Tu te dis que tu vas être démasquée. Qu’on va enfin voir que tu n’as pas le niveau. Que tout ce que tu as réussi jusqu’ici, c’était de la chance, un concours de circonstances, une erreur d’appréciation de la part de ceux qui t’ont recrutée.
Je m’appelle Thierry Sudan, je suis praticien à Saintes, et je reçois des adultes comme toi depuis plus de dix ans. Des gens compétents, reconnus, parfois brillants. Et qui, pourtant, vivent avec cette petite voix intérieure qui leur répète : « Tu vas te faire prendre. Tu n’es pas à ta place. »
Ce sentiment a un nom : le syndrome de l’imposteur. Mais ce n’est pas un diagnostic médical. C’est plutôt une expérience psychologique, une façon de douter de soi qui ne correspond pas à la réalité objective de tes compétences. Et ce qui est frappant, c’est que ce syndrome ne surgit pas au hasard. Il a des déclencheurs précis, quotidiens, souvent invisibles.
Ton cerveau n’invente pas cette peur. Il réagit à des situations spécifiques. Et si tu apprends à les reconnaître, tu cesses d’être une victime de ton propre mental.
Voici les sept déclencheurs les plus fréquents que je vois chez les personnes que j’accompagne. Et surtout, ce que tu peux faire pour qu’ils cessent de diriger ta vie.
Tu viens de finir une présentation devant l’équipe. Ton collègue te dit : « Franchement, c’était super clair, tu gères. » Et toi, au lieu de savourer, tu sens une gêne. Tu détournes le regard. Tu réponds : « Oh, c’était rien, j’ai juste eu de la chance sur les questions. » Ou pire, tu te mets à détailler tout ce qui aurait pu être mieux.
Le feedback positif est un déclencheur puissant du syndrome de l’imposteur. Pourquoi ? Parce qu’il entre en conflit direct avec l’image que tu as de toi. Si tu crois profondément que tu n’es pas compétente, un compliment devient une dissonance cognitive. Ton cerveau doit choisir : soit il remet en question cette croyance (ce qui est inconfortable), soit il trouve une explication pour invalider le compliment (ce qui est plus facile).
Tu vas donc minimiser, attribuer ton succès à des facteurs externes (la chance, l’aide des autres, le contexte favorable). Tu refuse de t’approprier tes réussites. Et ce faisant, tu nourris le syndrome.
Un blocage courant que je vois : des personnes qui ne peuvent pas recevoir un compliment sans ressentir une pression énorme.

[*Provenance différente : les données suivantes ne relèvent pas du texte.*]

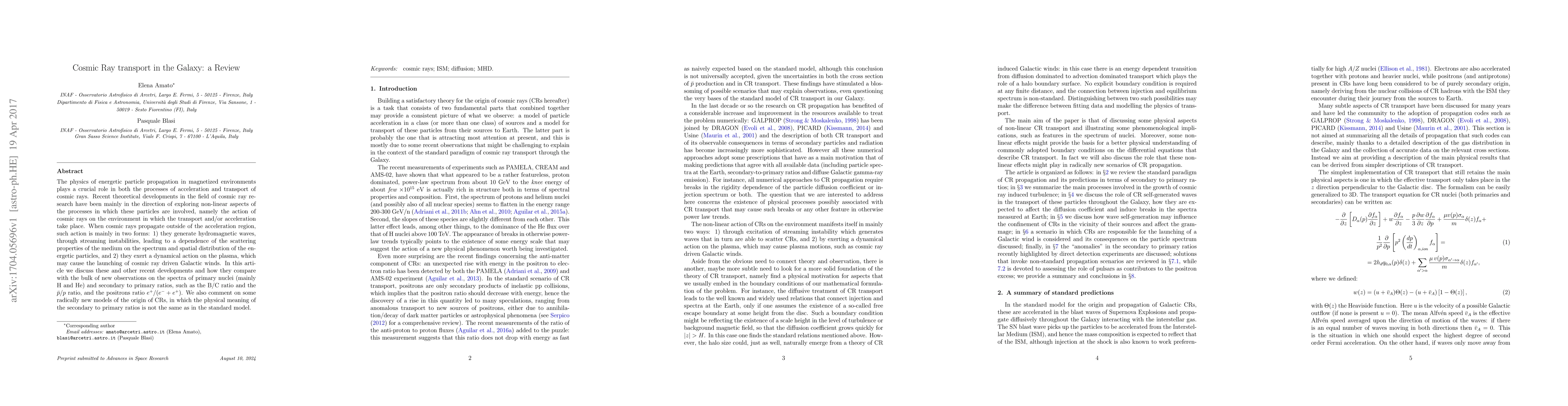 The physics of energetic particle propagation in magnetised environments plays a crucial role in both the processes of acceleration and transport of cosmic rays. Recent theoretical developments in the field of cosmic ray research have been mainly in the direction of exploring non-linear aspects of the processes in which these particles are involved, namely the action of cosmic rays on the environment in which the transport and/or acceleration take place. When cosmic rays propagate outside of the acceleration region, such action is mainly in two forms: 1) they generate hydromagnetic waves, through streaming instabilities, leading to a dependence of the scattering properties of the medium on the spectrum and spatial distribution of the energetic particles, and 2) they exert a dynamical action on the plasma, which may cause the launching of cosmic ray driven Galactic winds. In this article we discuss these and other recent developments and how they compare with the bulk of new observations on the spectra of primary nuclei (mainly H and He) and secondary to primary ratios, such as the B/C ratio and the $\bar p$/ratio, and the positrons ratio $e^+/(e^-+e^+)$. We also comment on some radically new models of the origin of CRs, in which the physical meaning of the secondary to primary ratios is not the same as in the standard model.

Comme si chaque reconnaissance augmentait le risque d’être démasquée plus tard.
« Ce n’est pas la modestie qui te pousse à minimiser tes succès. C’est la peur que les autres découvrent que tu n’es pas à la hauteur. »
Ce que tu peux faire maintenant : La prochaine fois qu’on te complimente, entraîne-toi à dire simplement « Merci. » Sans ajouter de justification. Rien d’autre. Tiens trois secondes de silence si besoin. Tu verras, le monde ne s’effondre pas. Tu n’es pas arrogante pour autant. Tu acceptes juste ce qui t’est donné. C’est un petit geste, mais il réécrit une habitude.
Tu ouvres LinkedIn. Tu vois le post d’un ancien camarade de promotion. Il vient de décrocher une certification, il a changé de poste, il publie des articles inspirants. Toi, tu regardes ton propre parcours et tu as l’impression de ramer. Tu te sens en retard, moins légitime.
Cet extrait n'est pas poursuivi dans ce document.